─── Material for this task ───

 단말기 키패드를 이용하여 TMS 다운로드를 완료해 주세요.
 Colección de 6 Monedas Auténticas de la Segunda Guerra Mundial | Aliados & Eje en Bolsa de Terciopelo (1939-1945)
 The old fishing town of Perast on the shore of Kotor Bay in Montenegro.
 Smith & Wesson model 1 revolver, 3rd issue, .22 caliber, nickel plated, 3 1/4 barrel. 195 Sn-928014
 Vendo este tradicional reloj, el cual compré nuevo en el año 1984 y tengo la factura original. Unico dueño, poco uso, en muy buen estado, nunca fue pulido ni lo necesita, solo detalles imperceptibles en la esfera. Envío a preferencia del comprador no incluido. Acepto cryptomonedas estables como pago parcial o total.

───
─── Material for this task ───

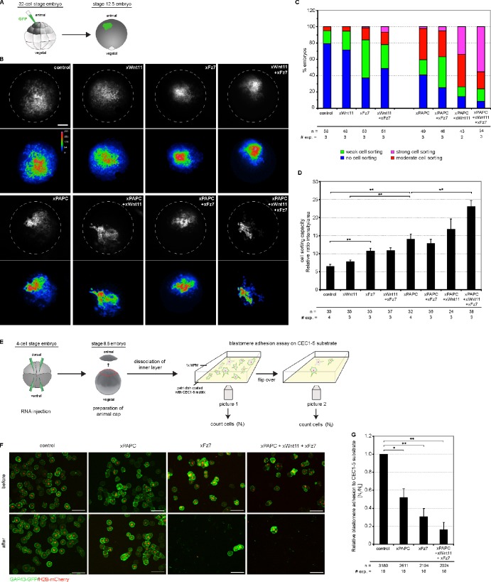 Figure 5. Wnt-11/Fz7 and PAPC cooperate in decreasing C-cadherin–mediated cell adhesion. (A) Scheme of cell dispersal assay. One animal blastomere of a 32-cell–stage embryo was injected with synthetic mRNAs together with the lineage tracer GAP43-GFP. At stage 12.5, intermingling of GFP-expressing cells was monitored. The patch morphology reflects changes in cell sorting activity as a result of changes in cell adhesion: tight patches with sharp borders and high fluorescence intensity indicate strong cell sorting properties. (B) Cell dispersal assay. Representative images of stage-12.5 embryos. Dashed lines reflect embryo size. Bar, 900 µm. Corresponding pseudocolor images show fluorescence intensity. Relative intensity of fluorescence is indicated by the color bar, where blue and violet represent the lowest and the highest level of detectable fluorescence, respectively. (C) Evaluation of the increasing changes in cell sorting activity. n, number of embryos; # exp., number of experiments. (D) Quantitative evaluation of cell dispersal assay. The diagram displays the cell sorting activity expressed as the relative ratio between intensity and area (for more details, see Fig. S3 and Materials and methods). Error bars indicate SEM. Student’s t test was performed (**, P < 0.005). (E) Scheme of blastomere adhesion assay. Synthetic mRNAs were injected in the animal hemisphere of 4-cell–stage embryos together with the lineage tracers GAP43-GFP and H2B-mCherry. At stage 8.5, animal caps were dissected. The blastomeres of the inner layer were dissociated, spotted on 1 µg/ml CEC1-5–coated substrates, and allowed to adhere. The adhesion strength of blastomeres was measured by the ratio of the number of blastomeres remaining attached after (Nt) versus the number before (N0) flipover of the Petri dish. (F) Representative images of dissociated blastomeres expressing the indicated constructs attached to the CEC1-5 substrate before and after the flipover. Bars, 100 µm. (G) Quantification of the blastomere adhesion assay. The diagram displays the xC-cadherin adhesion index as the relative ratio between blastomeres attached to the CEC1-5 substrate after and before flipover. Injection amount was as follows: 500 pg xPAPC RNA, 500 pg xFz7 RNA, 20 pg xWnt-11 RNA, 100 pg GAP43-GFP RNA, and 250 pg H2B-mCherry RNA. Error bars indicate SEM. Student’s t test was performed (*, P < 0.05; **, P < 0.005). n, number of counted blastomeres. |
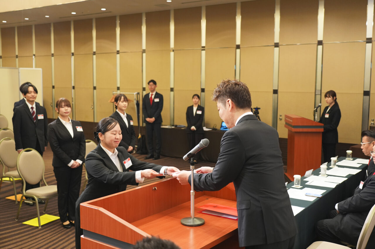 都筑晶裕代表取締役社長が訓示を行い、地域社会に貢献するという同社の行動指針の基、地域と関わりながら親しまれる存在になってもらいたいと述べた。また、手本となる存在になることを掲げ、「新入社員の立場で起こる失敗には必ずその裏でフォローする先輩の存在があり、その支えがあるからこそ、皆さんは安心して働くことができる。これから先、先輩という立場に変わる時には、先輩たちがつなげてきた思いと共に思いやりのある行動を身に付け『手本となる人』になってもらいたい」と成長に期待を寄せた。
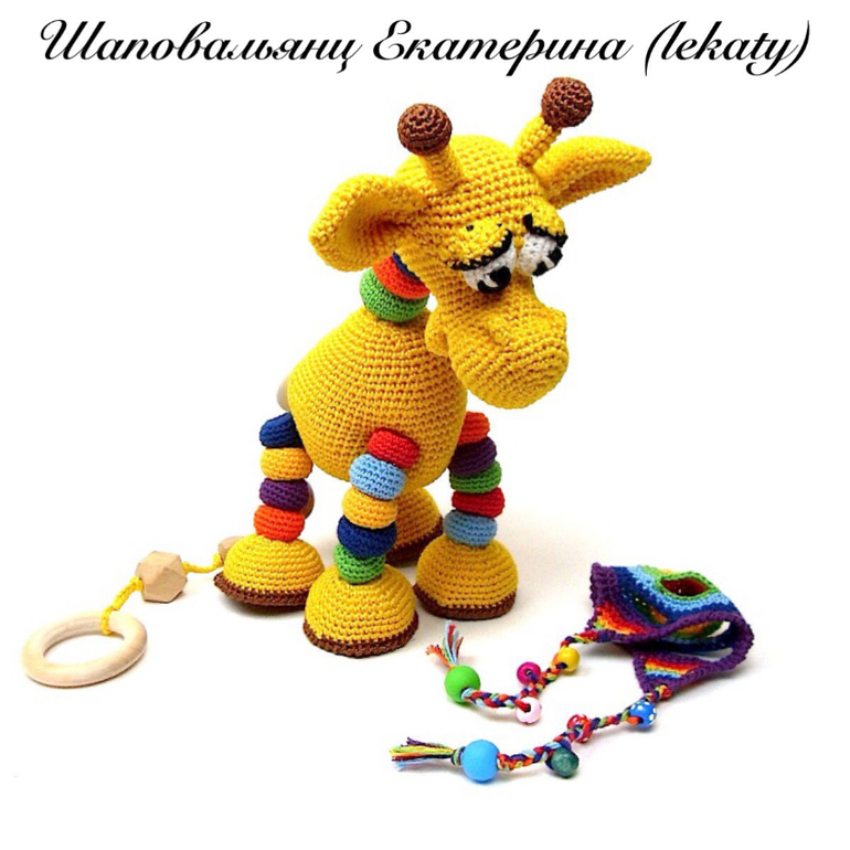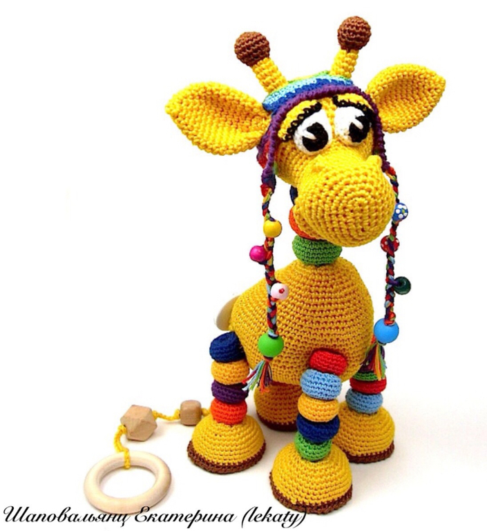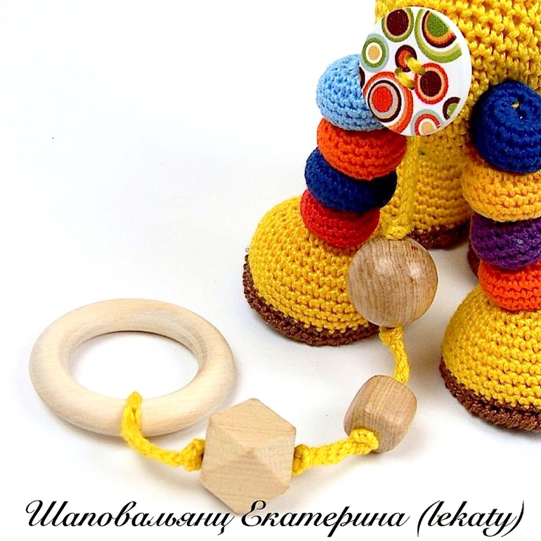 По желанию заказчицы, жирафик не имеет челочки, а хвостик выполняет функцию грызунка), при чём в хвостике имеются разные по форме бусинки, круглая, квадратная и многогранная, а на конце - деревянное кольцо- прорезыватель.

───
─── Material for this task ───

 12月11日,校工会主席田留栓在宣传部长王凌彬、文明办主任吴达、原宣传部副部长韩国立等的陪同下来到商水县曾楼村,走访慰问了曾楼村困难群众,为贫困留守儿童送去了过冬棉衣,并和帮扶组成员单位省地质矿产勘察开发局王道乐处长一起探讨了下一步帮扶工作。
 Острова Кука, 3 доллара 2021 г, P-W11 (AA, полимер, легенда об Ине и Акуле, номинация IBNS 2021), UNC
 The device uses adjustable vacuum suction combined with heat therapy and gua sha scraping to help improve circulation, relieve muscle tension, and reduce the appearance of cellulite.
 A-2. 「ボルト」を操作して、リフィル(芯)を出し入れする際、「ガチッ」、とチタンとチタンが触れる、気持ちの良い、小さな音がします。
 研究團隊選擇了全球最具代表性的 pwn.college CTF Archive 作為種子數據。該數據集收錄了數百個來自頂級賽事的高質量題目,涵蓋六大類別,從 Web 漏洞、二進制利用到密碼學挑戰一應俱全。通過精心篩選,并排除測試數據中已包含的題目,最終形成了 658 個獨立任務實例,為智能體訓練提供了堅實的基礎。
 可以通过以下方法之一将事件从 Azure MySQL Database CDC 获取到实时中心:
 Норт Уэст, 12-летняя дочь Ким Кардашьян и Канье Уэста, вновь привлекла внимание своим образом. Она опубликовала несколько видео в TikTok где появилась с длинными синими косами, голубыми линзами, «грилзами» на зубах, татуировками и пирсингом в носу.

───

● Required work: Will you return exactly the lines above from the one with "可以通过以下方法之一将事件从 Azure MySQL" down to the one with "Норт Уэст, 12-летняя", counting both as part of the range?

● Output below:
 可以通过以下方法之一将事件从 Azure MySQL Database CDC 获取到实时中心:
 Норт Уэст, 12-летняя дочь Ким Кардашьян и Канье Уэста, вновь привлекла внимание своим образом. Она опубликовала несколько видео в TikTok где появилась с длинными синими косами, голубыми линзами, «грилзами» на зубах, татуировками и пирсингом в носу.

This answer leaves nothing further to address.